Saturday, December 19, 2009

The Dress or My Journey to Becoming a Bride



Wedding dress shopping. One of the most exciting, happiest days of a girl's life, right? For a normal girl, maybe. Not for me. Don't get me wrong. I'm not ungrateful. I love my fiance. I agreed to all of this. That didn't keep me from feeling an impending sense of doom on the days leading up to the big shopping event. Let me explain.

First off, I hate being the center of attention. I'm extremely self-conscious and shy. The fact is, I felt like I was going to be on display while trying on dresses. And that would just be a hint of what was to come on the wedding day.

Next is the issue that I rarely wear anything other than jeans. I am a blue-jean and t-shirt girl. I am comfortable that way and don't like being dragged kicking and screaming out of my comfort zone. My requests when talking to the bridal consultant included the words "simple" and "not fussy". I actually fell in love with the idea of pockets on my wedding dress.

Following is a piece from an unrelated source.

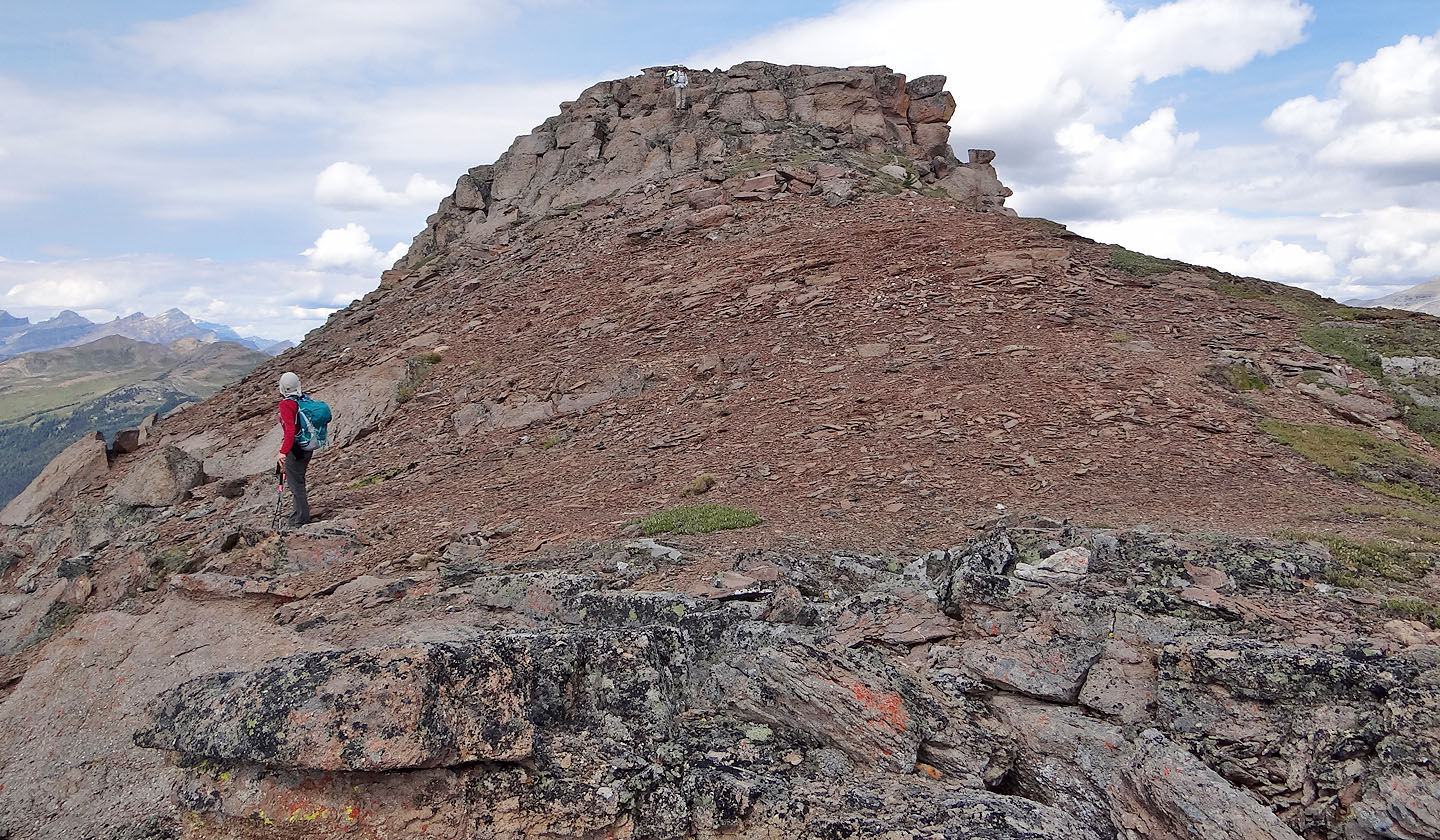 Twin Cairns is a minor ridge that rises 200 m above Sunshine Meadows. It's so slight, it's probably better to think of it as a feature rather than a ridge, hardly worthwhile given the long approach. But when a bear closure turned Zora, Becky, Dinah and me away from ascending Mount Howard Douglas, Twin Cairns was a welcomed alternative, surprisingly pleasant and interesting.

A place to put my hands, just like I do when I'm wearing my jeans seemed very comforting. Sadly, the dress was not suited for me. I think everyone thought I was weird for wanting pockets on my wedding dress anyway.

Also, I am not very comfortable with my body. I know, big surprise, right? I'm a woman and so many of us have body-image issues. I've fought my weight my whole life. I was hoping to find a dress that would somehow hide all of my imperfections. Of course, those are impossible to hide when you're in a small dressing room, half-naked, with a stranger you just met twenty minutes ago. Just the thought of it still makes me cringe.

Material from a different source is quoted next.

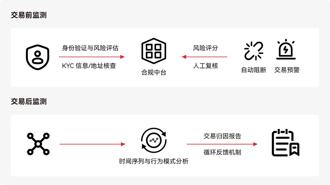 - 交易后发现的异常行为可反馈到交易前监测规则及 AI 模型,实现持续优化;

I had been trying to prepare for this day. I bought truckloads of bridal magazines and tore out pictures of gowns I liked. Being rather particular and detail oriented, I arranged them in order of favorite to least favorite. I wrote something on each page, whether it be a comment about the style, pointing out a detail I liked or something I did not want on my dress. I also spent many Friday evenings watching TLC's "Say Yes to the Dress" hoping for inspiration. I would watch these brides trying on gown after gown and seeing the big moment when they found their perfect dress. They would cry. Their family and friends would cry. They would hug their consultants. I, ever cynical, would roll my eyes and think "Whatever."

So, on Dress Day, after going over all the things I was looking for in a dress (ruching at the waist!) and all of the things I didn't want (NO BALL GOWNS!) the consultant selected several dresses for me to try on. All the girls with me knew how nervous I was and assured me it would be fantastic.

I tried on the first dress. It did not impress me, nor my entourage. In fact, I can't even remember what it looked like. Back to the dressing room I went.

Dress number two went on. The consultant zipped it up and we both knew it wasn't even worth walking out in. "It doesn't do enough for your waist," she said. Translation: I looked fat. Next!

Dress number three did wonders for my waist. I walked out and got positive feedback from the girls. It was a possibility, but more dresses waited for me in the dressing room!

I went back and stepped into dress number four. When it first went on, I kind of shrugged my shoulders and thought "eh." Then, the consultant started to lace up the corset back. Soon, she tightened the laces and I saw my waist shrink in. "Damn," I said. "Look at my waist!" I walked out to show my support team. We talked about this detail and that detail. Pictures were taken of the dress at every possible angle. We discussed white versus ivory. I focused on the bottom of the dress. My concern was with the train. It wasn't much, but it was more than I wanted. I won't have attendants helping me to corral the dress at the wedding, so I have to be able to handle it on my own. Plus, I have to walk up a spiral staircase to get to the ceremony location. The consultant said there was an easy fix to that problem. She began to pin up the back to show me what it would look like bustled. That's when I had something close to a bride's "this is my dress" moment. I didn't cry and I didn't hear music, but when I saw the back of the dress I knew that it was the one I was going to buy. That settled it. "I think I like this one," I said. All those dresses hanging in the dressing room would stay on the hangers. I was done!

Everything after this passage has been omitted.